# IT Jobs



## ersonu47 (Nov 13, 2012)

Hi dear,

i'm gurpreet sandhu from india, i'm looking for jobs in IT as a fresher, i have a 6 years of experience in office executive but know i change my carrier according to my study. i already register on a job searches but i didn't receive any confirmation from there. so how can i got the job & how much they pay me.


----------



## simonsays (Feb 11, 2009)

you didn't get responses because nowadays, it is next to impossible to get an Employment pass, unless you are super-good at it .. 

And looking at your plans to "carrier" change .. I doubt any agent want to risk even an application ...


----------



## ersonu47 (Nov 13, 2012)

ecureilx said:


> you didn't get responses because nowadays, it is next to impossible to get an Employment pass, unless you are super-good at it ..
> 
> And looking at your plans to "carrier" change .. I doubt any agent want to risk even an application ...





so should i try on same field i.e "Office Executive" on which i have the related experinece, it this a right way to get a job easily or not, so approx. how much i got the salary, give me any rough idea


----------



## simonsays (Feb 11, 2009)

not to pour cold water .. 

but, Office Executive Jobs are in the list of jobs that are not favoured for Foreigners, especially since last year .. 

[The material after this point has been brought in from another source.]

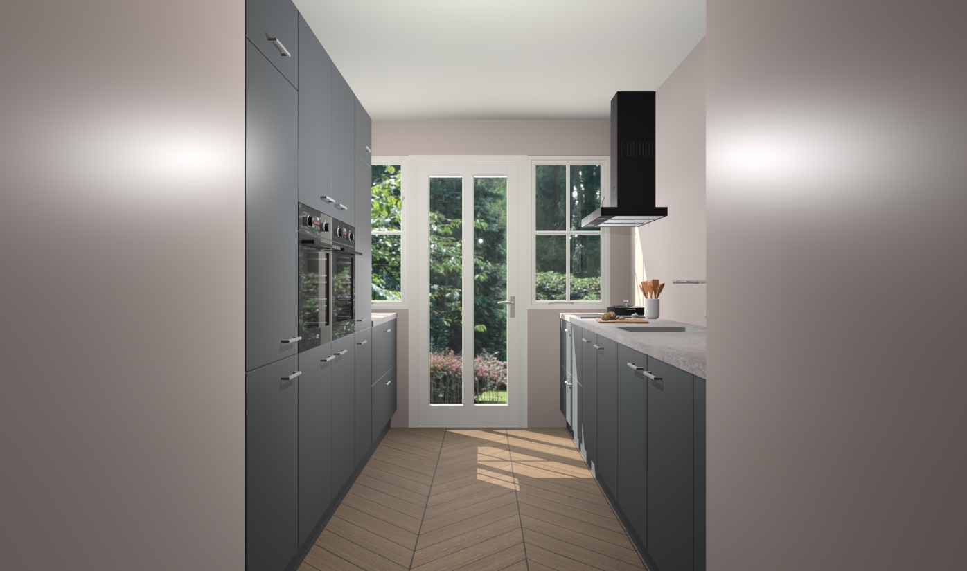 Een stijlvolle en praktische keuken als deze mag gezien worden. Dankzij de prachtige onyxgrijze matte afwerking wordt de keuken gemakkelijk het middelpunt van uw huis - hij ziet er geweldig uit onder allerlei lichtomstandigheden, van dag tot nacht!

The number of responses you get, when you apply, should give you an indication of that ..


----------



## ersonu47 (Nov 13, 2012)

ecureilx said:


> not to pour cold water ..
> 
> but, Office Executive Jobs are in the list of jobs that are not favoured for Foreigners, especially since last year ..
> 
> The number of responses you get, when you apply, should give you an indication of that ..



is there any chances for my job if i try with a IT fresher, can company accept me as a Fresher because my qualification are also match with the IT criteria i have a Three year computer degree and 6 years of experience in office executive.


----------



## simonsays (Feb 11, 2009)

ersonu47 said:


> is there any chances for my job if i try with a IT fresher, can company accept me as a Fresher because my qualification are also match with the IT criteria i have a Three year computer degree and 6 years of experience in office executive.


Even if the company wants you, at the moment, MOM will not be so happy giving a pass to you .. 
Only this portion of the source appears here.